- Occupation: Author
- Writing career
- Genre: Urban fantasy
- Notable work: Charlie Madigan series

= Kelly Gay =

American author

Kelly Gay is an American author, known for her work in the science fiction/fantasy genre, particularly urban fantasy. Gay has written books in both the adult and young adult genres, penning the latter under the name of Kelly Keaton. She is particularly known for the Charlie Madigan series, a story about a police officer who attempts to balance paranormal cases, across three different worlds, with life as a single mother. Her works have received critical acclaim and award recognition, and have been translated into several different languages. Gay has also been a recipient of the North Carolina Arts Council's Fellowship Grant in Literature.

==Personal life==

"In urban fantasy I was really inspired by Emma Bull and Laurell K. Hamilton and then by Kim Harrison."
— —Kelly Gay

As a child, Kelly Gay was introduced to fantasy by her mother and grandmother, both avid storytellers. She grew up reading and researching mythologies and ancient histories from around the world, and eventually writing paranormal stories and screenplays while working an assortment of jobs. In 2006, Gay received a North Carolina Arts Council fellowship grant in literature for one of her many screenplays, which she credits with helping to boost her confidence as a storyteller.
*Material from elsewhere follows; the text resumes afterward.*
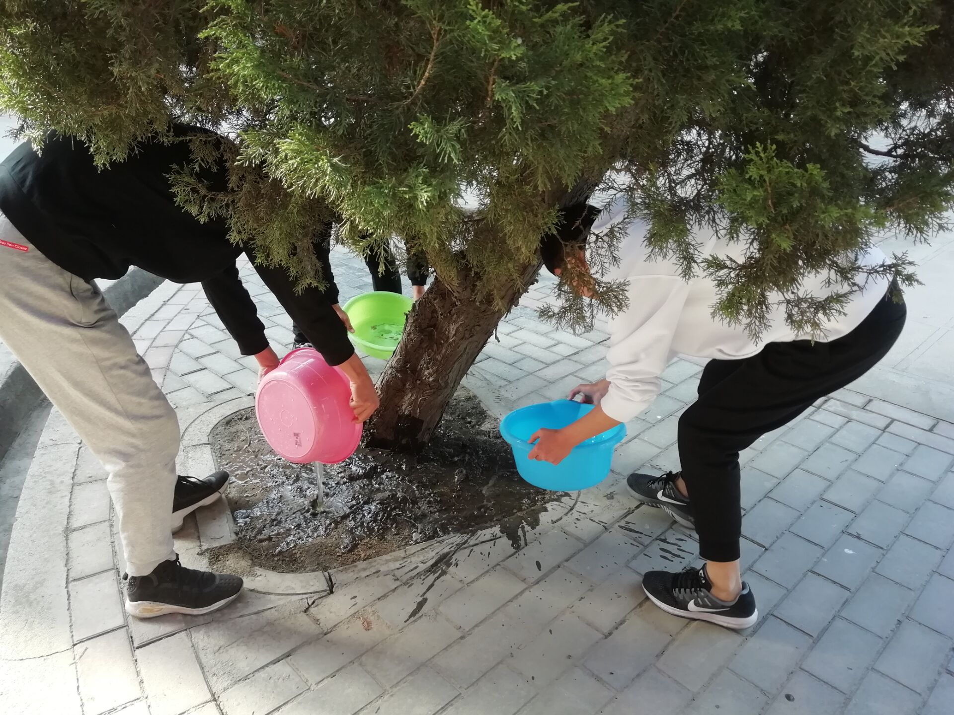 在我国第41个植树节来临之际,基础课部广大团员干部和入党积极分子们于3月12日下午4:30手持水盆和清理工具,来到校园小树林和教学楼下为树木浇水,清理树下垃圾。同学们分工明确,整个活动现场大家互帮互助,气氛活跃,充分享受着植树节活动带来的乐趣。

In 2008, two of her unpublished manuscripts became finalists in the Golden Heart Awards, presented by Romance Writers of America. Her debut novel was acquired by Simon & Schuster the same year. She resides in North Carolina with her husband and two children.

==Career==

===Charlie Madigan series===
Gay's debut novel, The Better Part of Darkness, was released in November 2009. It is the first book in the Charlie Madigan series. Set in Atlanta, the story presents a future in which humanity has discovered two paranormal dimensions. As a result, Earth becomes a new home for various benevolent or malicious supernatural beings. The series follows the personal and professional challenges of Charlie Madigan, a single mother and a policewoman.

A review from Booklist called the first novel "extraordinary." Publishers Weekly stated, "Intricate world-building and richly complex characters mix with a fast-paced plot to create a standout start to a new series." The Better Part of Darkness was a double finalist in the 2010 RITA Awards, presented by Romance Writers of America. The novel also received recognition from the Southern Independent Booksellers Alliance, a trade association representing southern-area book stores in the United States. SIBA identified the novel as an "Okra Pick" in 2009, and also as a Long List Book Award Finalist the following year.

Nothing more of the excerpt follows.